Degenerative arthritis or as it is referred to now, Osteoarthritis (OA) can effect any joint in the body and the joint closest to the face is the temporomandibular joint (TMJ), so I will assume that you are referring to arthritis in the TMJ. Symptoms vary in different people, or for that matter in an individual person over time, and the remedies that apply to other joints of the body apply to the TMJ as well.
Education about the natural history of OA and the therapy for problems in the TMJ is important, since so much of the treatment involves changes in basic habits of chewing and moving the jaw.
The goals of therapy are reduction of stress on the TMJ, maintenance of function, and reduction of pain. The therapy can be broken down into several parts:
Protect the joint to the extent possible. For the TMJ this means eating softer foods, taking smaller bites, and chewing more slowly during periods of increased symptoms. But parafunctional activities of the jaw — that is clenching and grinding the teeth, biting your fingernails or lips, and biting pencils or pens — are considered to be much more detrimental than functional activities such as chewing. Since these are activities that people are not normally conscious of, it can be difficult to develop direct ways to combat them. Dentists commonly use orthotics (i.e. splints, bite planes, or bite guards) which reduce these habits to some extent. They have also been shown to have a relaxing effect on the muscles of the jaw thus reducing strain on the TMJ.
Physical therapy (PT) is quite useful in improving any limited range of motion of the mandible, improving function and reducing pain. Active treatments such as moist heat/ice and ultrasound can also be very useful in controlling symptoms. A customized home exercise program (HEP) can be used to augment the active treatments, and is critical for the person to learn to become self-managing.
Anti-inflammatories like ibuprofen are commonly used, however, I recommend that people with this condition rely on the physical therapy, home exercise program, and reducing parafunctional activities as the key treatments, using medications only sparingly.
You should also be aware that OA might be used by doctors in a general sense to suggest any condition that affects the bony integrity of a joint. Therefore, it is prudent to rule out other conditions, which might be causing pain in the TMJ.

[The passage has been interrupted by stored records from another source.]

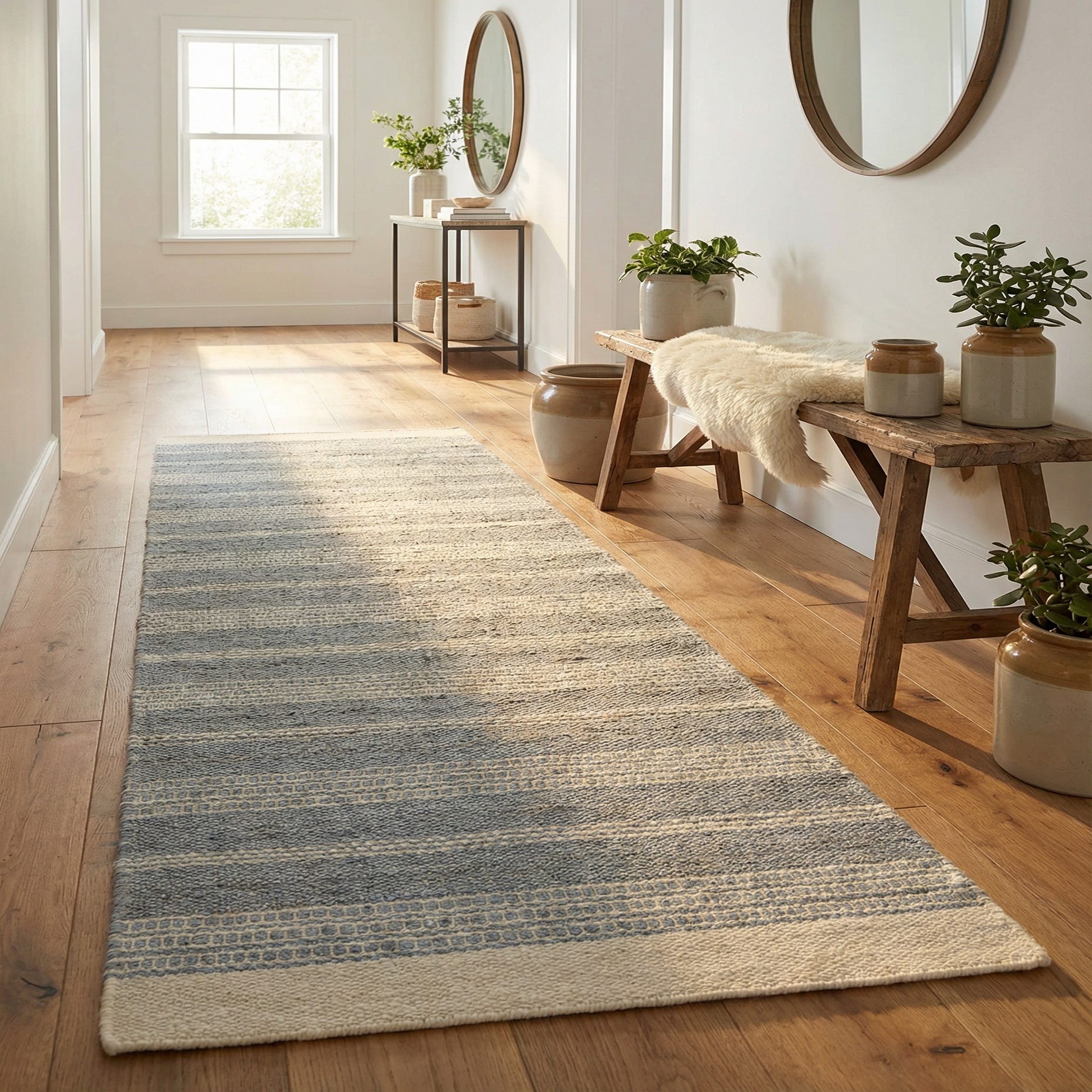 The flatwoven construction produces a low-profile, tactile surface: jute provides a firm, natural grain while wool offers a softer touch and subtle depth where fibers catch the light. Ideal for hallways, entryways, or narrow kitchen aisles, it pairs well with light wood floors and linen upholstery for a Scandinavian or coastal vibe, and with leather accents and matte metal finishes for a modern farmhouse or transitional scheme.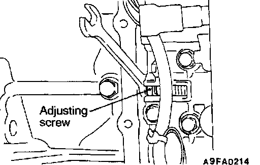 2. Turn the adjusting screw shown in the illustration to adjust the underdrive pressure to the standard value. The pressure increases when the screw is turned to the left.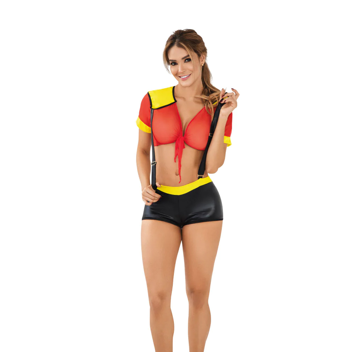 Lo más sensual del Disfraz de Bombera S/M Rojo/Amarillo Lerot 33271 es la transparencia que deja ver una de tus partes más eróticas. El panty con cargaderas te hará sentir una verdadera oficial del cuerpo de bomberos. Deja volar tu imaginación y que se encienda el fuego.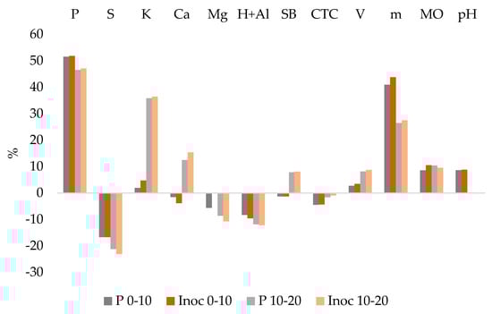 Comparing the results of the two analyzed layers, it can be observed that the levels of P, K, Ca, Mg, BS, CEC, V%, and OM decreased in deeper layers, whereas m% and pH increased. S levels increased with higher P2O5 doses (starting from 60 kg ha−1) and also in the inoculated area. Only H+Al remained constant at both depths.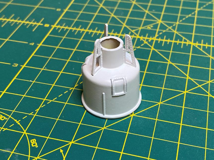 I also sprayed primer white on the rest of the station. I will wait to install the upper dome until both the upper dome and the station have had both the paint and decals applied.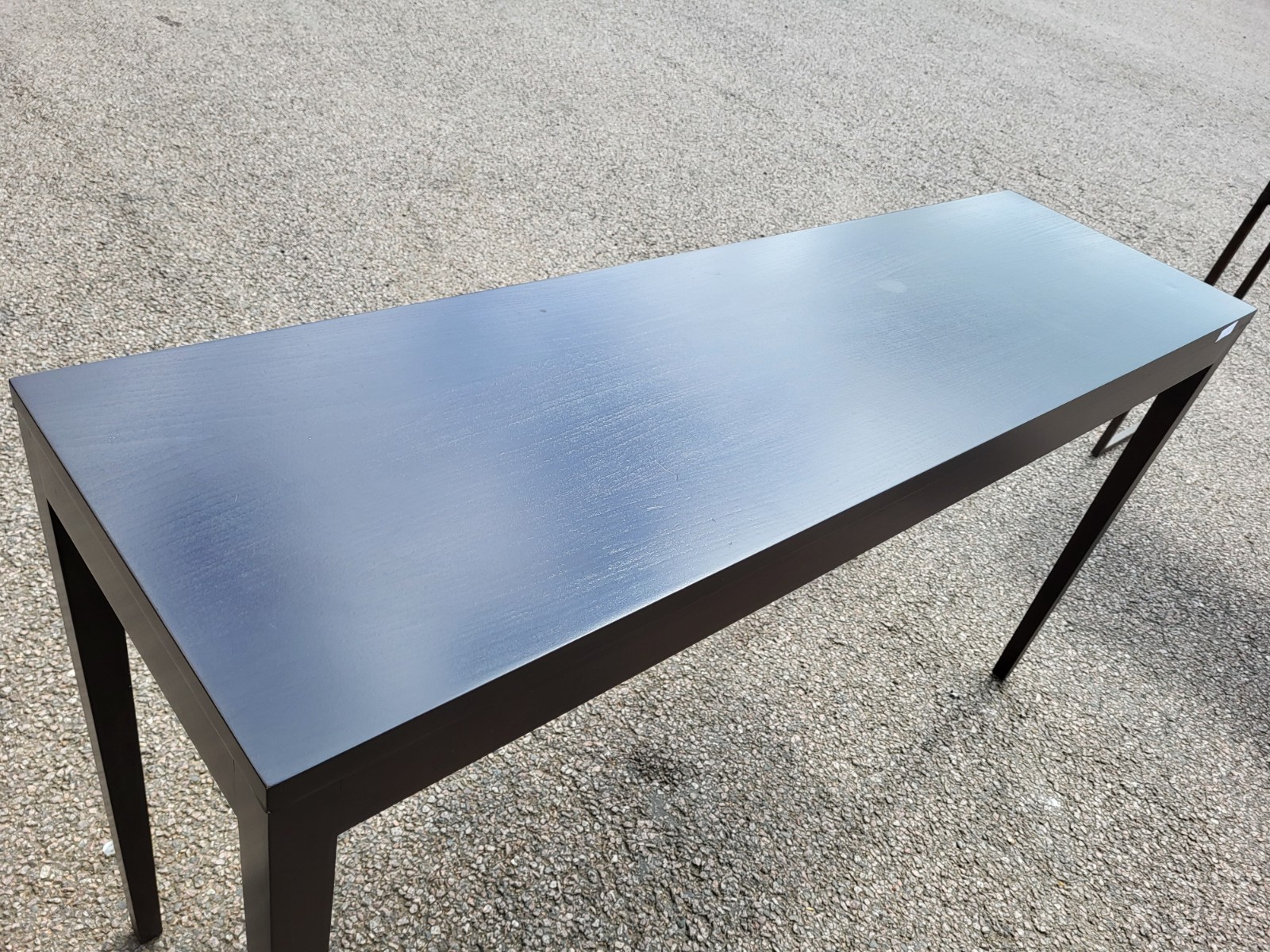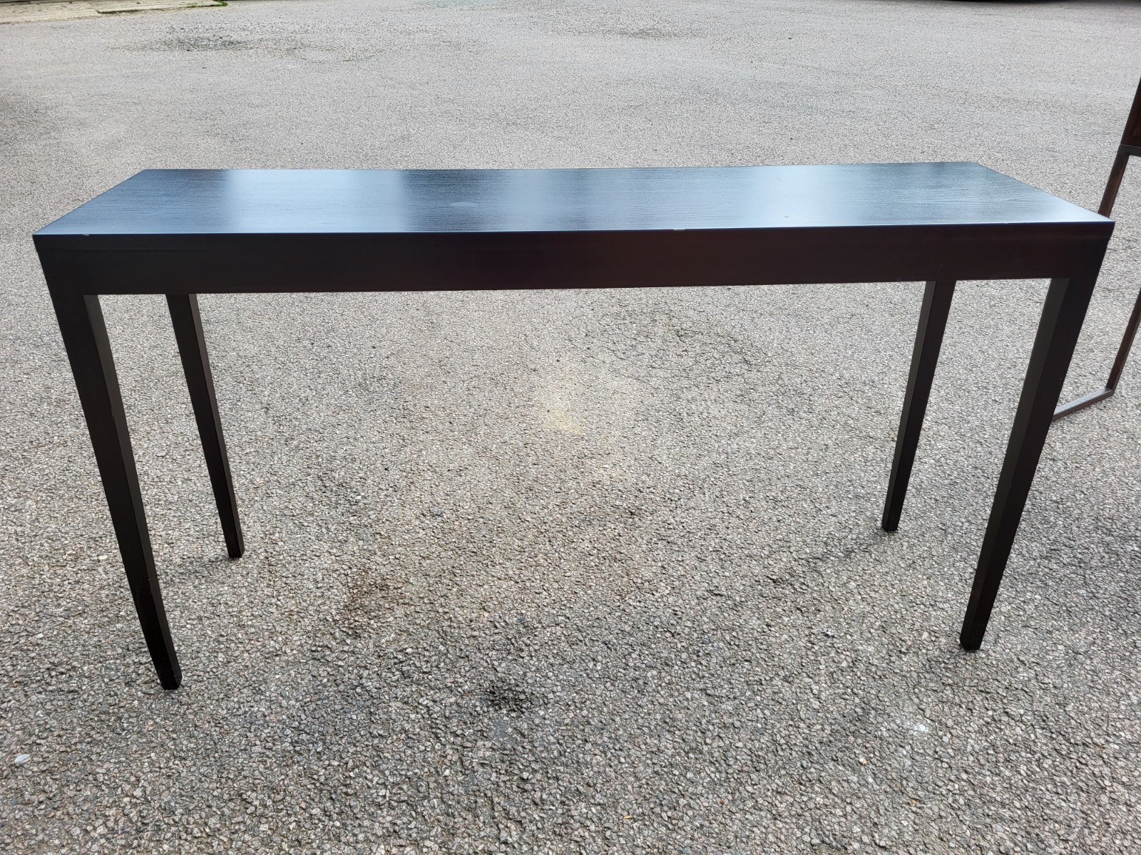 A sleek dark wood console table designed for hallways, living rooms, entrance spaces, or behind-sofa placement where a long and slim surface works best.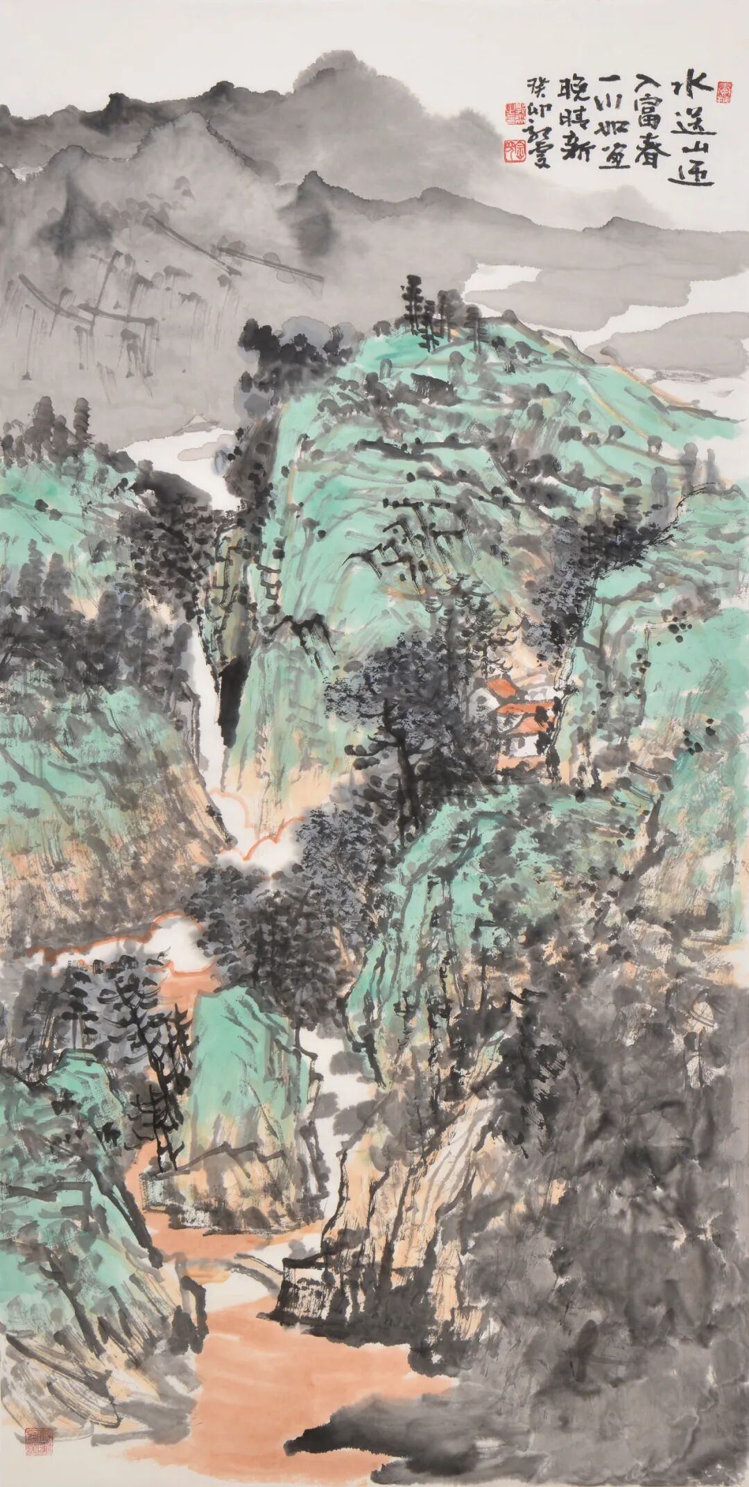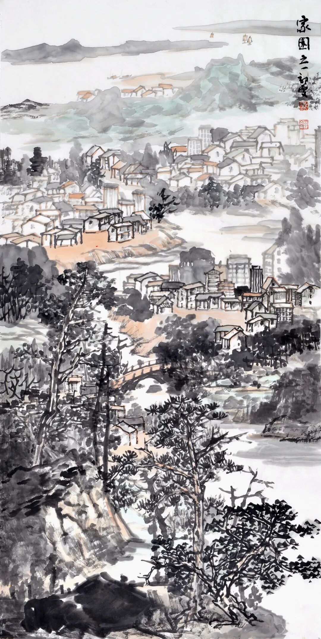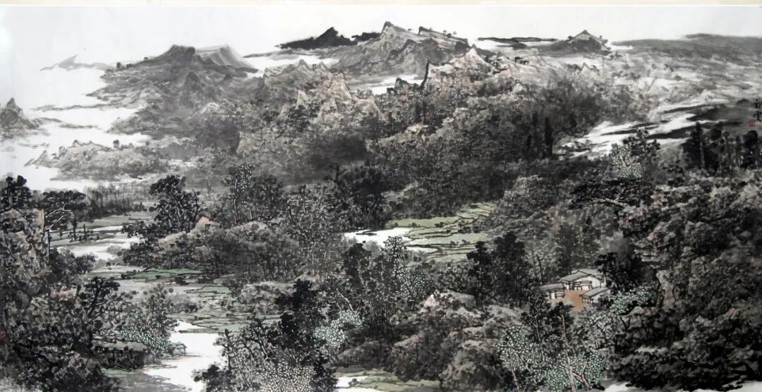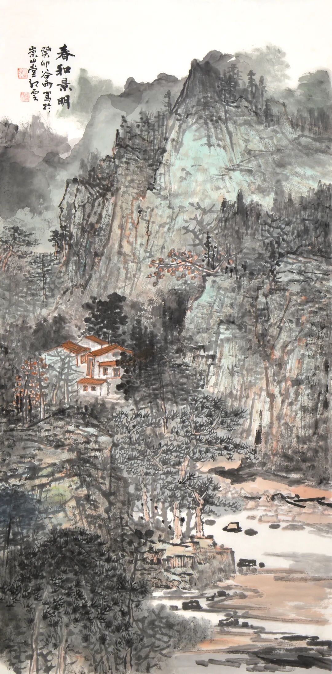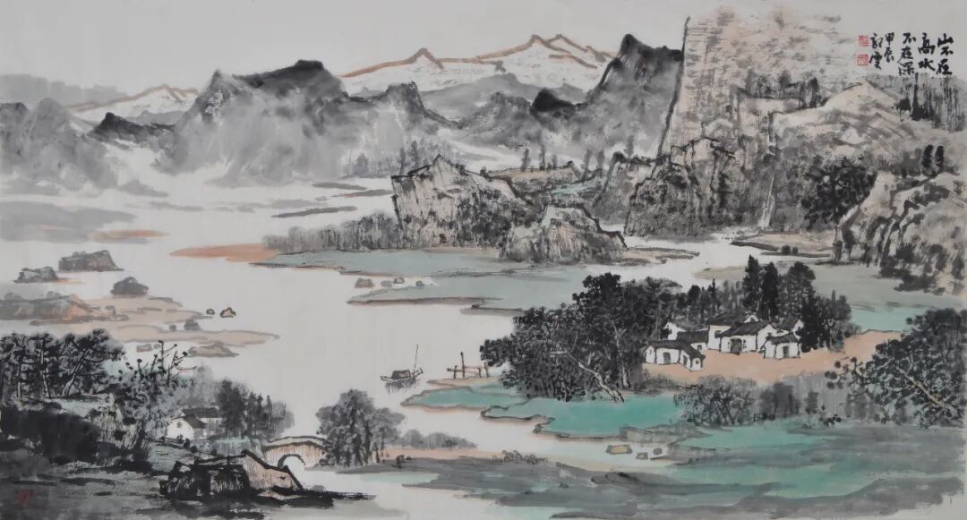 郭雯的作品可以用“恬静灵动总相宜”来形容她的艺术风采。恬静,从她的画中能看到追求的玉宇无尘的境界。画面干净雅致,线条稳重,不急不躁,表达了她内心所向往的美好世界。借助笔墨,把自己的感悟流露纸上,使画作有淡然释怀、徐风拂面之感。灵动,是她山水画呈现出来的万木葱茏,潺潺溪流,瀑布直下,云飞雾腾,表现了山水的蓬勃生机,昂扬的生命力。近则高山耸立,远则峰峦叠嶂,烟雾缭绕,荡气回肠,趣味跃然生动。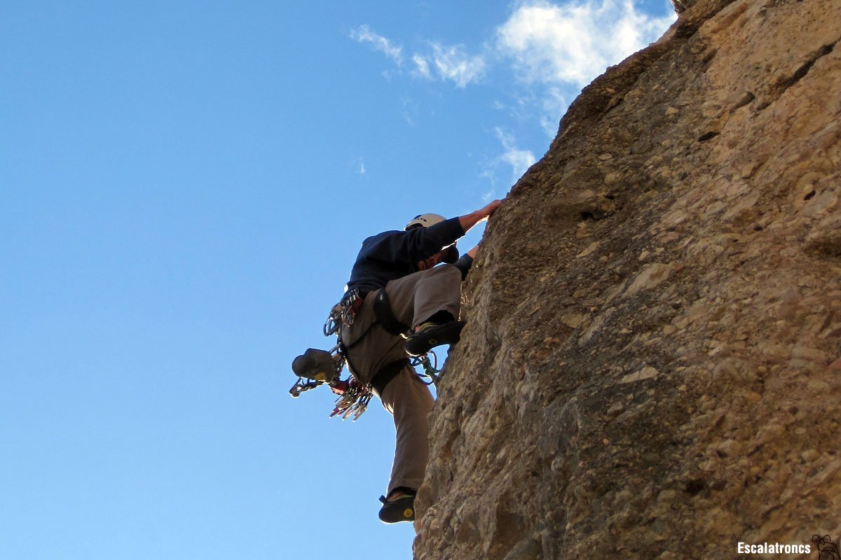 Anem caminant cap a l’esquerra i descendim uns metres fins una nova reunió al peu d’un altre mur vertical, de característiques molt semblants al de l’inici del llarg anterior. Després d’uns primers passos més fins, haurem de començar a anar en tendència a la dreta fins situar-nos davant un nou mur, ara una mica inclinat. Per pujar-hi haurem de cercar la millor posició pels peus donat que les preses per aquests són un xic escadusseres. Un cop sobre la placa anirem flanquejant cap a la dreta per sota el desplom, per acabar d’evitar-lo sortint pel fil de l’esperó. El moviment és atlètic, però trobarem un forat boníssim per la ma dreta a l’altre costat de l’esperó que ens facilita molt les coses. Continuem fins una reunió intermitja. Ara només resta un darrer tram, vertical i amb presa generosa.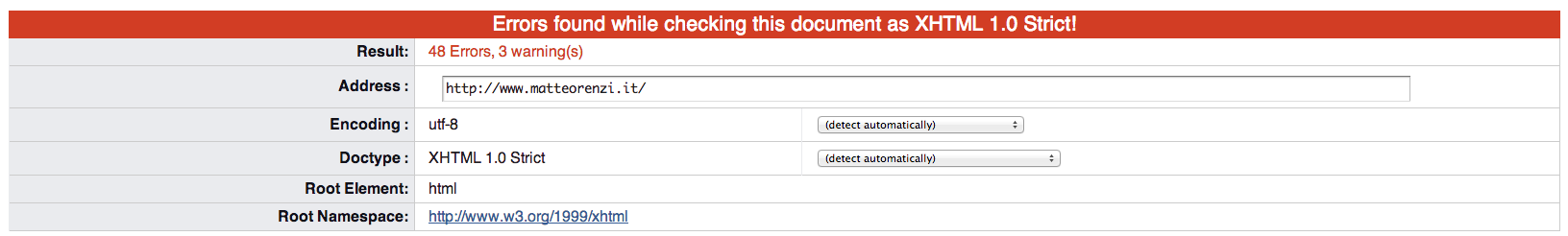 Potrei comunque stare ore a scrivere di regole e strumenti utili per sezionare l'accessibilità di siti, ma per ritornare all'"esamino" sui candidati alle primarie mi sono limitato ad usare Validator W3C, che in generale indica quali sono gli errori di sintassi se non si rispettano gli standard da adottare per la costruzione di un sito affinché possa essere visualizzato correttamente e indipendentemente dal sistema operativo o dal browser utilizzato dagli utenti internet.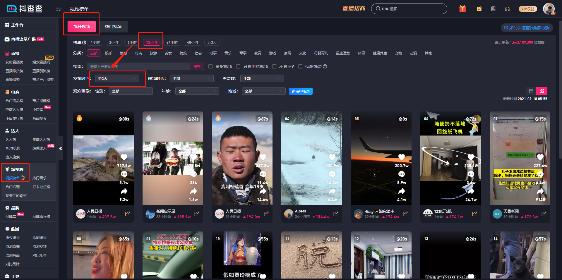 例:如下图,榜单选择12小时,发布时间选择近3天,即表示12小时内,发布时间在近3天的视频获赞增量从大到小榜单展示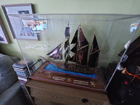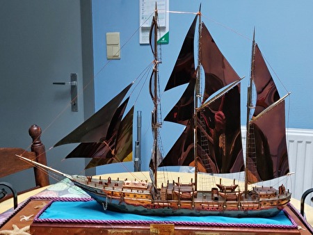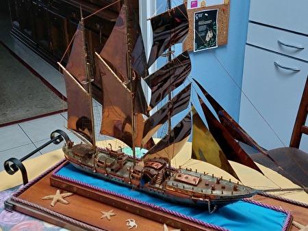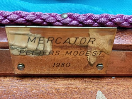 Volledig uit rood en geel koper gemaakt: romp, dek, alles op het dek is in koper (rood of geel), masten, zeilen, zelfs de koorden zijn in koper. Afmetingen boot: L 63cm H 46cm B 24cm. Afmeting met kap: L 83cm H 53cm B 31cm
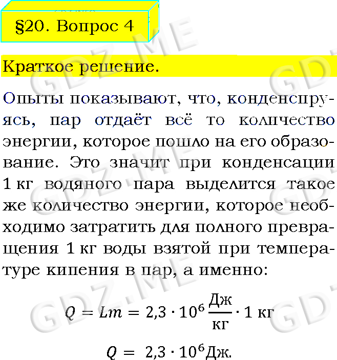 Подробный вариант решения из решебника (ГДЗ): Задание номер 4 (§20. Удельная теплота парообразования и конденсации. Вопросы) по предмету Физика, за 8 класс, авторы учебника Пёрышкин А.В..

If you indeed have OA and you and your doctor are having difficulty managing the condition, I would recommend seeking out a doctor who has experience in problems of the TMJ. Prolonged symptoms and the associated degenerative changes can affect your dental occlusion, creating a malocclusion over time. Severe malocclusion or facial deformity happens only rarely but if any changes in your bite start to develop seek appropriate care as soon as possible. OA is normally a relatively simple condition to control.
This response was largely written by Daniel F. Tylka, D.M.D., M.S. Head, Section on Temporomandibular Disorders & Orofacial Pain, University of Nebraska Medical Center, who graciously offered to serve as a consultant for this case.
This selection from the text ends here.